Baker, who clearly has a history of promoting Black Music, introduces the publication with a lengthy essay covering the socio-political environment and the musical history of some of the key figures in the book, in the lead up to the beginning of the radicalisation of jazz, which became it’s own living and breathing extension of popular jazz around 1960. Citing a key moment in the development of this radicalisation, Baker recalls the predominately white West Coast styles of cool jazz being superseded by hard bop in the mid 1950s, with Miles Davis and his Quintet heralding the return to the more traditionally African-American musical structure of the blues.

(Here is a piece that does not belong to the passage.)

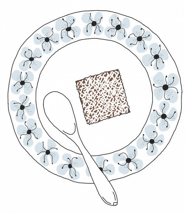«Kärleksmums — один из тех рецептов домашней выпечки, который всегда поднимет настроение. Корень слова mums означает «вкусно», и к нему добавлен второй — kärlek, что значит «очень вкусно», так что понятно, что это правда восхитительно. Другие названия этой выпечки — fiffirutor, mockarutor и snoddas. Kärleksmums представляет собой чудесную смесь темного шоколада и крепкого кофе. Классически его покрывают сахарной глазурью, но нам кажется, что вариант с ганашем роскошнее. Сохраните несколько столовых ложек вашего утреннего кофе, чтобы добавить в ганаш, когда будете печь эти квадратики вечером. Идеальная выпечка для холодного осеннего дня».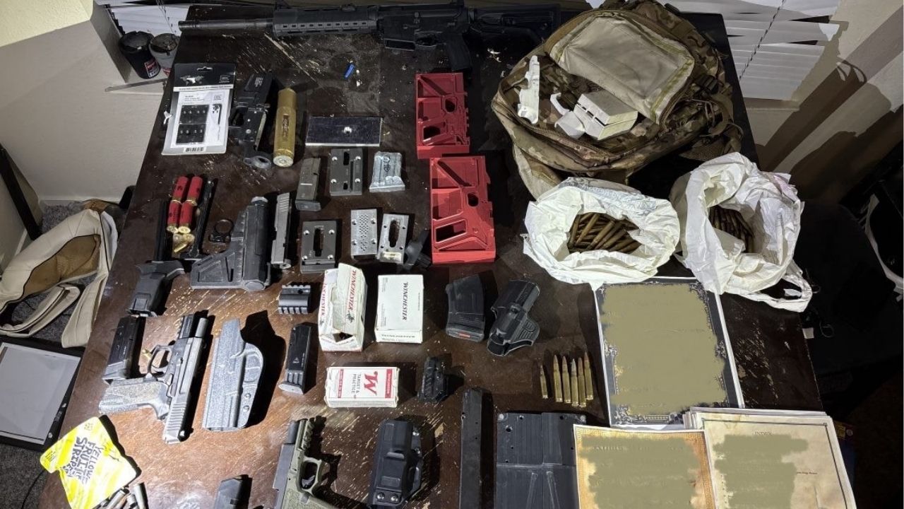 A search warrant was served at the apartment, where officers found multiple firearms, ammunition, a homemade suppressor, various gun parts, and a gang-related manifesto.

This development from a majority white to a noticeably black sonic palette ran concurrently with the Civil Rights movement and, as noted by Baker, while many African-American jazz musicians were decidedly apolitical, the environment in which they lived and worked was positively prejudiced against them. Musicians such as Ornette Coleman and John Coltrane are described as leading this new radicalisation, rejecting the outward acceptance by mainstream culture and politicians of jazz as an ambassador of North American culture to the world, while conditions at home for the players was less than accepting. Musical embracing of traditional African music was also part of the move away from mainstream consideration into a more overtly political stance.

Of course, this essay sits nicely within the first twenty five pages of this bumper publication. It isn’t intended as an all encompassing academic reader of African-American radical jazz, but more as a coffee table book filled with amazing photographs of the performers of that era. The following 150 or so pages are full of biographies and images of an impressive multitude of performers, and any fan of music from this era would be more than happy to sit and immerse themselves in the imagery.

Black Fire! New Spirits! is a companion piece to the new Soul Jazz triple LP and double CD of the same name, and would be best enjoyed while listening to the compilation. Perhaps the book could have come with a download code for the compilation, but alas, it doesn’t. Some might suggest that Black Fire! New Spirits! is a fairly cursory inclusion of African-American musical history, and although it really is a nice book to sit and flick through, a more in depth exploration of the times would be more beneficial. Each artist represented in the book is covered by a short biographical paragraph, but one does wonder if the book should have been a more academically researched investigation, rather than an overview to prop up an expansive compilation album.

Nonetheless, any fan of African-American music would appreciate the luxurious layout and hefty design, and would do nicely on your coffee table next to the latest issue of Wax Poetics.